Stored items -
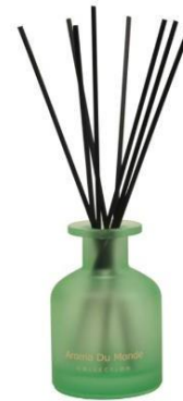
ODMF19-076007 With 45ml oil
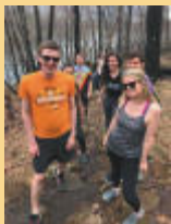
YOUNG ADULTS & ALPHA PROGRAMS
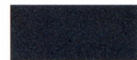
Dark Grey Metallic

Some of these paint colors are shown in this catalog. On the printed page, of course, colors are at best only representative of the originals. Your Ford Dealer can show you actual samples of paint colors as well as interior trim materials.
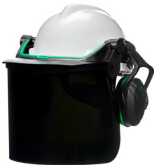
V-Gard Hearing Protection, Low; V-Gard Frame; V-Gard Shade 5 Welding Visor
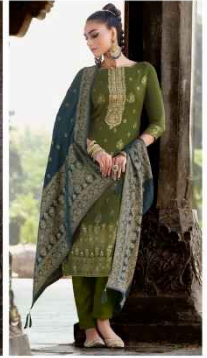
830-003 ■ ■ ■
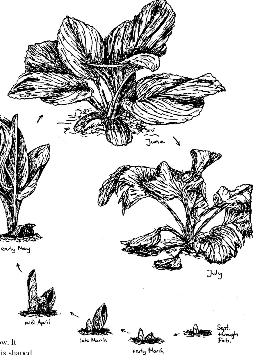
Figure 4. Skunk cabbage development.

upon itself and at the same time enwraps the next leaf. It's the closest thing to an archetypal process of unfolding you can imagine.
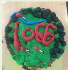
Dylan Khumalo 7RBA

Exercise details -
Your answer should consist of the lines above between those holding "YOUNG ADULTS & ALPHA PROGRAMS" and "Some of these", inclusive, reproduced word for word and without pictures.

Expected output -
YOUNG ADULTS & ALPHA PROGRAMS
Dark Grey Metallic

Some of these paint colors are shown in this catalog. On the printed page, of course, colors are at best only representative of the originals. Your Ford Dealer can show you actual samples of paint colors as well as interior trim materials.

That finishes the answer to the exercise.